[RECORD EXTRACTS — start]

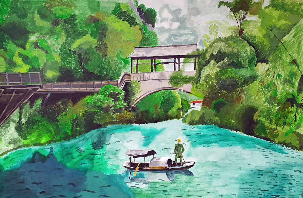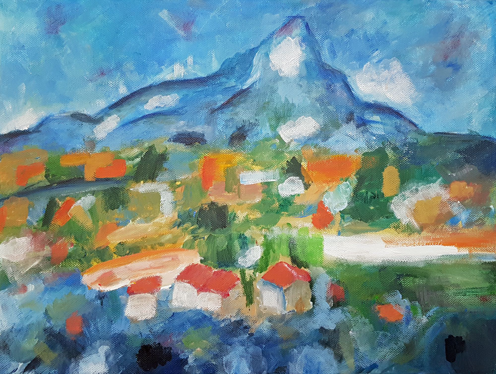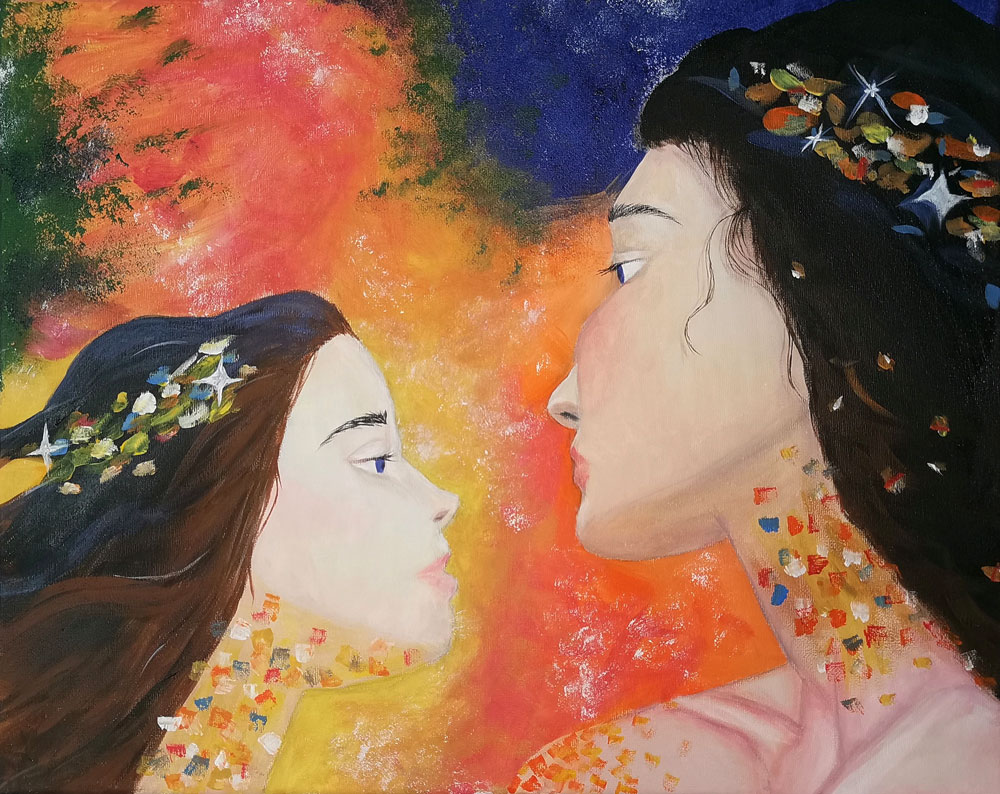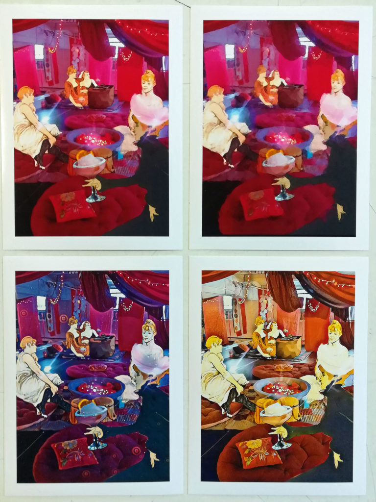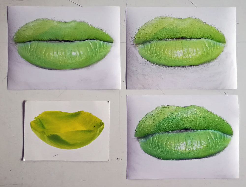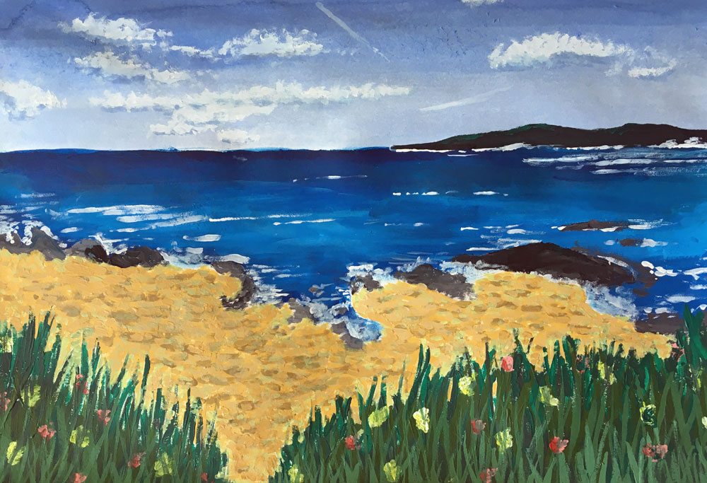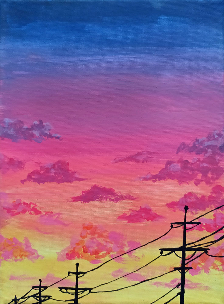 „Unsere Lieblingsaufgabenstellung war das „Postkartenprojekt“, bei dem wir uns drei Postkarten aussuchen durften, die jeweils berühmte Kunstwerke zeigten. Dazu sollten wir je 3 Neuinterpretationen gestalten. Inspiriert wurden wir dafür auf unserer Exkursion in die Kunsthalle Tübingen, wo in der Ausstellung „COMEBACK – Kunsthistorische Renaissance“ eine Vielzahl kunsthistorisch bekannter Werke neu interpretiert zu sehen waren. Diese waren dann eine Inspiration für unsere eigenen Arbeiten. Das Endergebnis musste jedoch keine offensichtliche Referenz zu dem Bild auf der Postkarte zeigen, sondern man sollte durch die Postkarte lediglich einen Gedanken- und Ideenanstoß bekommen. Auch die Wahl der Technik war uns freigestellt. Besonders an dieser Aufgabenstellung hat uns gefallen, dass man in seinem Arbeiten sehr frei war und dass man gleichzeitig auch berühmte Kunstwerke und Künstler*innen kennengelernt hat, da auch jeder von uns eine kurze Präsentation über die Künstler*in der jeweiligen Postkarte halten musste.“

[RECORD EXTRACTS — finish]
[RECORD EXTRACTS — start]

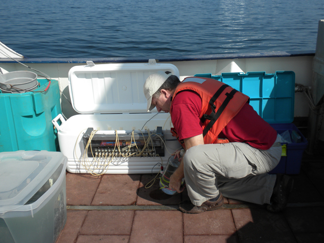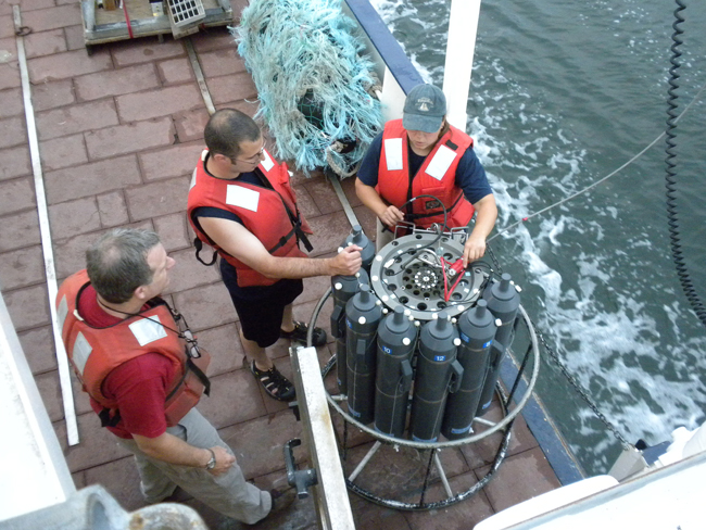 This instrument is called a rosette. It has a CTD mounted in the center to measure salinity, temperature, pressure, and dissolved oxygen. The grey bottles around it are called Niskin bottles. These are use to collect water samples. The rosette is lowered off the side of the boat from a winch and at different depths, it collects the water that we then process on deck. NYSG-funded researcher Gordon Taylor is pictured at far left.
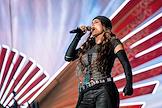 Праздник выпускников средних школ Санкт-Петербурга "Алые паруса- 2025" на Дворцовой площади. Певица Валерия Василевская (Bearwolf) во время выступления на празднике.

[RECORD EXTRACTS — finish]

AIM OF THE TASK -> In the records above, find the line with "This instrument is" and the line with "Праздник выпускников средних"; please transcribe exactly those two lines and all lines between them, omitting any picture.

REPLY ->
 This instrument is called a rosette. It has a CTD mounted in the center to measure salinity, temperature, pressure, and dissolved oxygen. The grey bottles around it are called Niskin bottles. These are use to collect water samples. The rosette is lowered off the side of the boat from a winch and at different depths, it collects the water that we then process on deck. NYSG-funded researcher Gordon Taylor is pictured at far left.
 Праздник выпускников средних школ Санкт-Петербурга "Алые паруса- 2025" на Дворцовой площади. Певица Валерия Василевская (Bearwolf) во время выступления на празднике.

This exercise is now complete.